- **ASSIGNED TASK**
Take the line with "IBES.Vbility™ Night Safety" and every line after it, through the end of the listing, and give them again exactly, pictures excluded.

- **DATA SHOWN**
[Start of section]

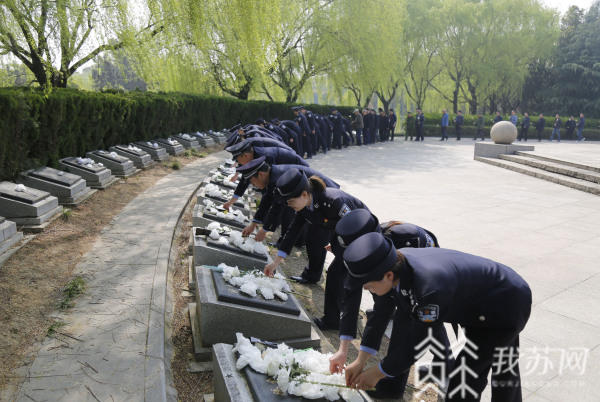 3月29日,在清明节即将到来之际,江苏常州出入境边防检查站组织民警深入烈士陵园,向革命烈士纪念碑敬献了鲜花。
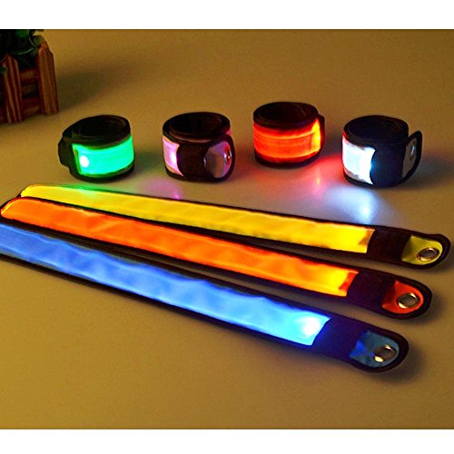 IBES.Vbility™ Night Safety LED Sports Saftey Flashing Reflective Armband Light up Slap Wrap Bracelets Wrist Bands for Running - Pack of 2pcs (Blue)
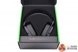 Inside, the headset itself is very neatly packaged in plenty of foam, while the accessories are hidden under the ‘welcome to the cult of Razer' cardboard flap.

[End of section]

- **RESULT OF THE TASK**
 IBES.Vbility™ Night Safety LED Sports Saftey Flashing Reflective Armband Light up Slap Wrap Bracelets Wrist Bands for Running - Pack of 2pcs (Blue)
 Inside, the headset itself is very neatly packaged in plenty of foam, while the accessories are hidden under the ‘welcome to the cult of Razer' cardboard flap.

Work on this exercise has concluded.